There is a tradition of invention in Animation. Its timeline is littered with devices from Shadow Puppets and Zoetropes to Holography and Virtual Reality, Jeffrey Shaw and Jordan Belson are two artists I admire. They both created animations through bespoke technologies in their respective early digital and analogue eras. In this work I wanted to create experiences that referenced the siddhis, to construct digital-supernatural experiences through patching together my own devices,
Telepathy (2015) uses a portable 16 sensor EEG headset to capture neural emotions of a subject observing cultural objects. The signal is processed and classified and then used to drive an animation. It provides a limited form of objective transparency to a subjective experience. Hallucination (2009), A Ganzfeld was generated through pulsed light and pink noise to generate internal animations through sensory deprivation. This work was exhibited at the Glastonbury festival. Some of the audience were already hallucinating on the way in. The Wait (2010) plays with time. It takes cues from Steve Reid's, microphone piece. Here two clocks slide in and out of synch. The work was created through a residency with refugees and asylum seekers. The intention was to translate thier felt experiences of waiting, feeling outside of time, and time distortion in to a phenomenological experience.
Infra thin (2007) is one of my favourite works. Digital objects are teleported between the two screens. Their location can be detected via sound floors when they are not visible. The 1990s are synonymous with sound systems and speaker stacks. The pleasurable sensation of deep base passing through the body inspired this work. Infra-thin is a work which explored collapsing on and off-screen space into a unified whole. Quadrophonic (2009) explored environmental displacement and transportation.
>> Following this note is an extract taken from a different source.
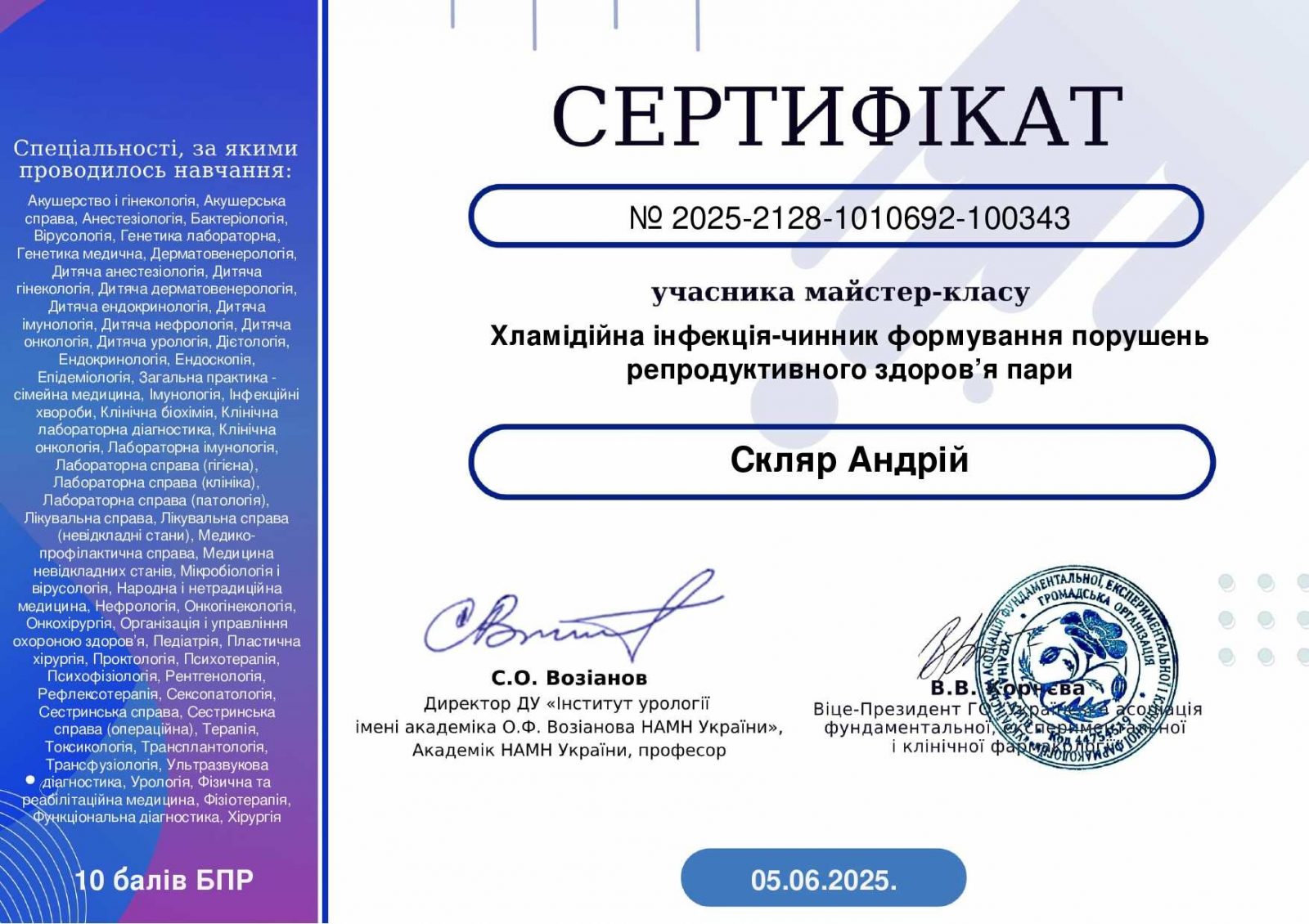 Читать отзывДякую Скляр Андрію Миколайовичу за успішне лікування простатиту. Якість життя значно покращилася!

A crackling crop fire burns through the Punjabi night. The audio recordings were processed and played back through a mini diy quadrophonic sound system. A wood stove provided the aroma and the heat. Collective Consciousness (2004) resonated a 100 ft long elevated wooden terrace at 6.5 Hz to lead all present towards a community theta brain state through sympathetic resonance. Hospitalised (2000) was the first Art Piece I made using Animation, and the first work in this collection, prior, this idea used physical public spaces. Originally it was a 6 x monitor, 2 x stereo field work. The work presented the perceptual integration of two spaces through reliance and continuity. It was exhibited on the Global Multimedia Interface Screen, in Leicester Square for 6 months, which at the time was the largest outdoor screen in europe. This work was the precursor to the Infra-thin system.
I planned collections around each work. They were constructed with the methodologies of Saanth's & Niners in mind. They will not tell you the answer, but intentionaly set out the conditions for you to gain a deeper understanding through an experience, a realisation is more power than words. Thus, a consideration in this work was– transporting an audience out of the everyday through a play on perception. In that moment of extraction there is the potential to glimpse and experience extended spaces.
Wall Work
I have always used the streets as a form of sketchbooking to work through ideas and guage contexts This is slowly becoming replaced by using social/web spacea to place and test images to gain a similar quick public objectivity.